Wenn es dann nicht oft genug dummerweise neue Finsterlinge bekäme. Ach, wenn das Volk nur klug wäre!

Aber eigentlich erzählen alle anderen Geschichten davon, dass der Mensch meistens gar nicht klug ist, sehr von seinen Emotionen abhängig, oft völlig irrational reagiert und dann meistens Schäden anrichtet, die nicht wieder gutzumachen sind. Nur nutzt die Einsicht hinterher nichts mehr.

Aber vorher hat Mann (oder Frau) an alles Mögliche gedacht – den richtigen Zuckerguss oder die richtige Dosierung. Nur nicht an all die Folgen an Leid und Schuldgefühlen. Aber vielleicht sind gerade Täterinnen und Täter so, dass sie sich nicht einmal vorstellen können, welche Folgen ihr Tun hat – auch für sie selbst. Und einige Mörderinnen stellen in diesem Büchlein zu spät fest, dass sie die Zeichen falsch gelesen haben.

Auch wenn der Verlag innigst warnt, die tödlichen Rezepte nachzukochen, bleibt ein ganz anderes Gefühl hängen – eines des Bedauerns um die oft von ihren eigenen Gedankenwelten Getriebenen. Das auch in der Realität immer öfter durchschimmert: Warum können sie nicht einhalten?
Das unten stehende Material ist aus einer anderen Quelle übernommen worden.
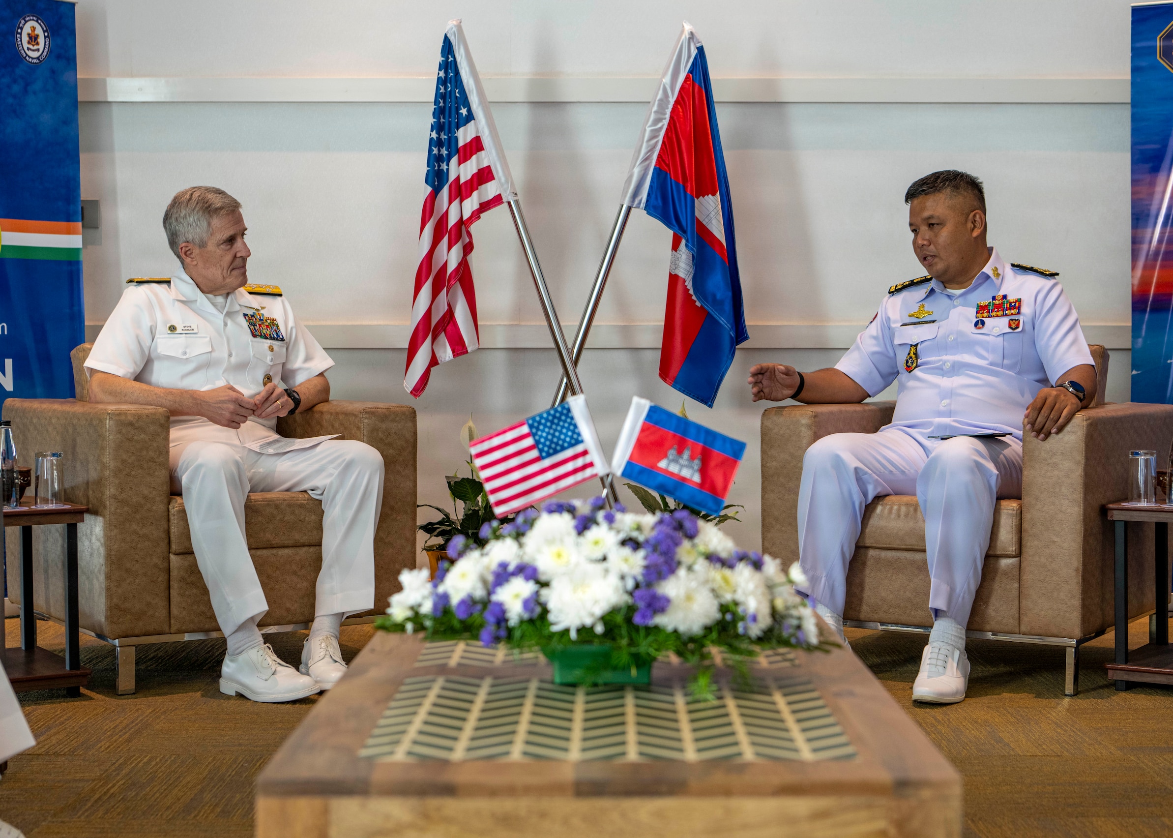 Adm. Steve Koehler, commander, U.S. Pacific Fleet, left, and Vice Adm. Tea Sokha, commander of the Royal Cambodian Navy, conduct a bilateral meeting during exercise MILAN 2026 in Visakhapatnam, India, Feb. 17, 2026. Hosted by the Indian Navy, MILAN 2026 is a biennial, multilateral exercise focused on enhancing interaction between professional navies and gaining experience in operations at sea. The visit to India underscored the U.S. commitment to strengthening partnerships for an Indo-Pacific that is secure, free, and prosperous. (U.S. Navy photo by Mass Communication Specialist 2nd Class Jeremy R. Boan)
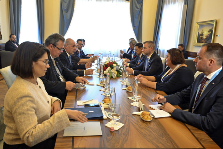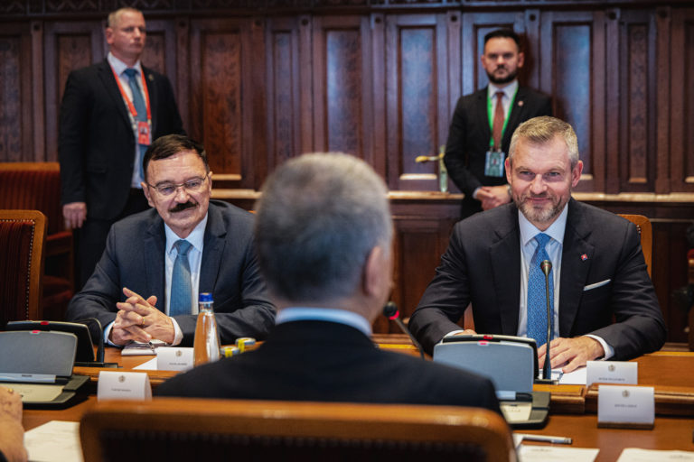 Uprostred zľava: Slovenský prezident Peter Pellegrini a maďarský prezident Tamás Sulyok počas stretnutia v rámci oficiálnej návštevy prezidenta SR v Budapešti. Budapešť, 18. júl 2024. Foto: SITA/Milan Illík
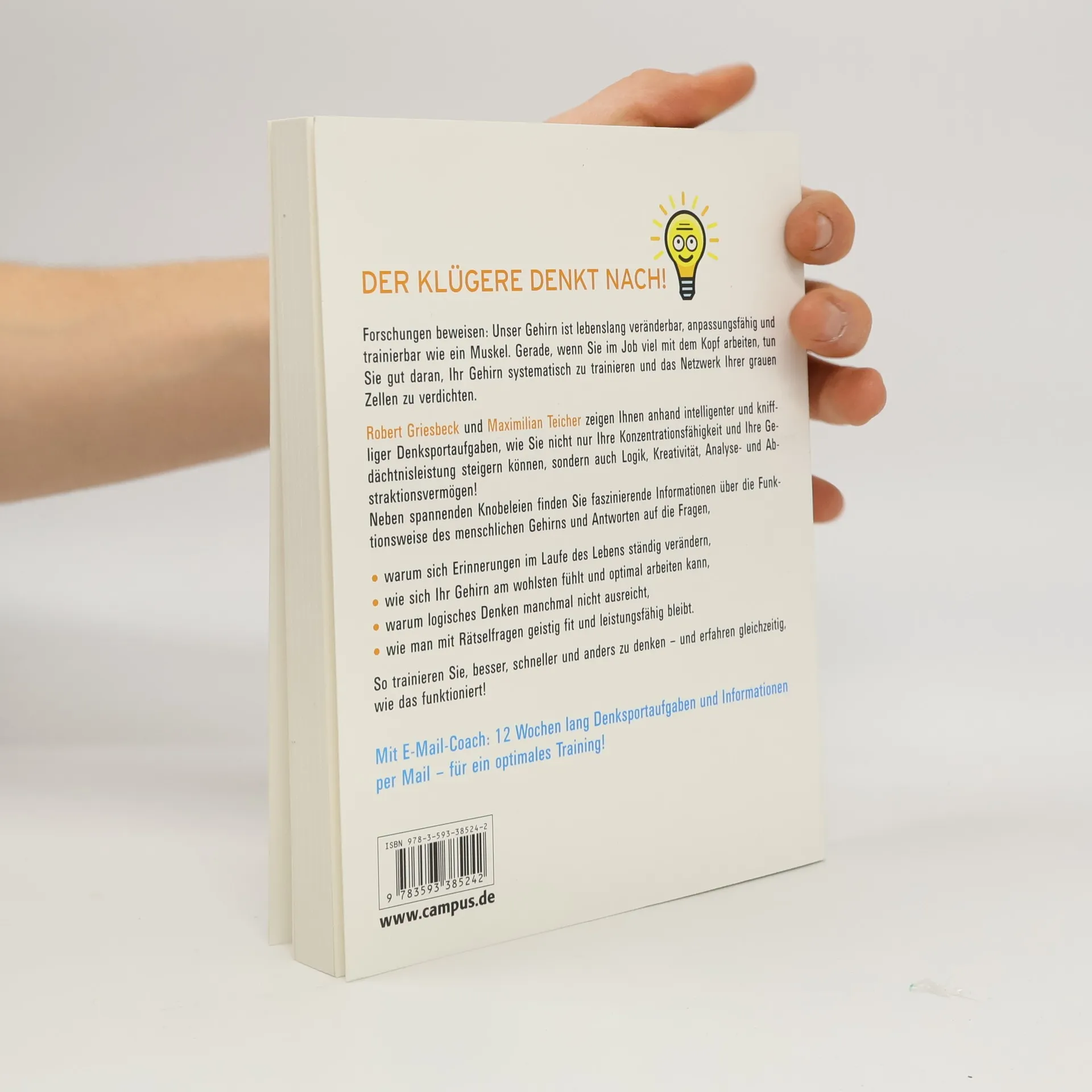 Wer im Job vorwiegend mit dem Kopf arbeitet, tut gut daran, sein Gehirn systematisch zu trainieren. Mit den intelligenten und kniffeligen Aufgaben in diesem Buch lassen sich nicht nur Konzentrationsfähigkeit und Gedächtnis steigern, sondern auch Logik, Kreativität, Abstraktions- und Analysefähigkeit. Vertrackte Knobeleien wechseln sich ab mit faszinierenden Informationen über die Funktionsweise des menschlichen Gehirns. So trainiert der Leser nicht nur, anders, besser und schneller zu denken, sondern erfährt ganz nebenbei auch, wie das funktioniert!
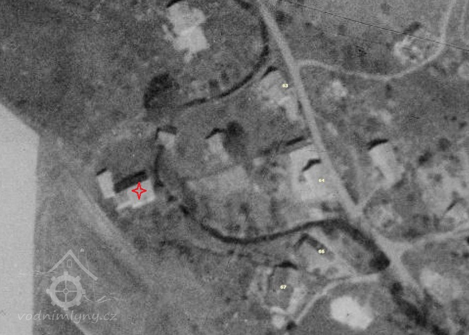 Budova mlýna zanikla po roce 1954, na leteckém snímku z tohoto roku ještě stojí.

Warum tun sie sich selbst das an?

Gerade weil die um Andreas M. Sturm versammelten Autorinnen und Autoren sich sichtlich mehr mit der Psychologie ihrer Täter beschäftigen, kommt auch ein ganzes Stück Psychologie unserer Gegenwart mit ins Buch. Einer Gegenwart, die einen schon beklommen machen kann, wenn man sieht, wie viel – tatsächlich über Macht verfügende – Menschen ihre Lust ausleben (oder ihre Manie), andere Menschen diese Macht auch spüren zu lassen. Bis zur letzen Konsequenz.

Auf einmal hat man Stoff darüber nachzudenken, dass Mord und Totschlag zutiefst wesensverwandt sind mit Vielem, was wir an unserer Gesellschaft für normal halten. Obwohl es das nicht ist. Auch wenn es sich ein Mäntelchen aus Zwangsläufigkeit und Gesetz gibt. Das Böse …

Aber vielleicht schreibt ja Andreas M. Sturm gerade an seinem nächsten Krimi über das ach so friedliche Sachsen.

Andreas M. Sturm (Hrsg.) Giftmorde 3. Weitere tödliche Anleitungen, Edition Krimi, Leipzig 2016, 13 Euro.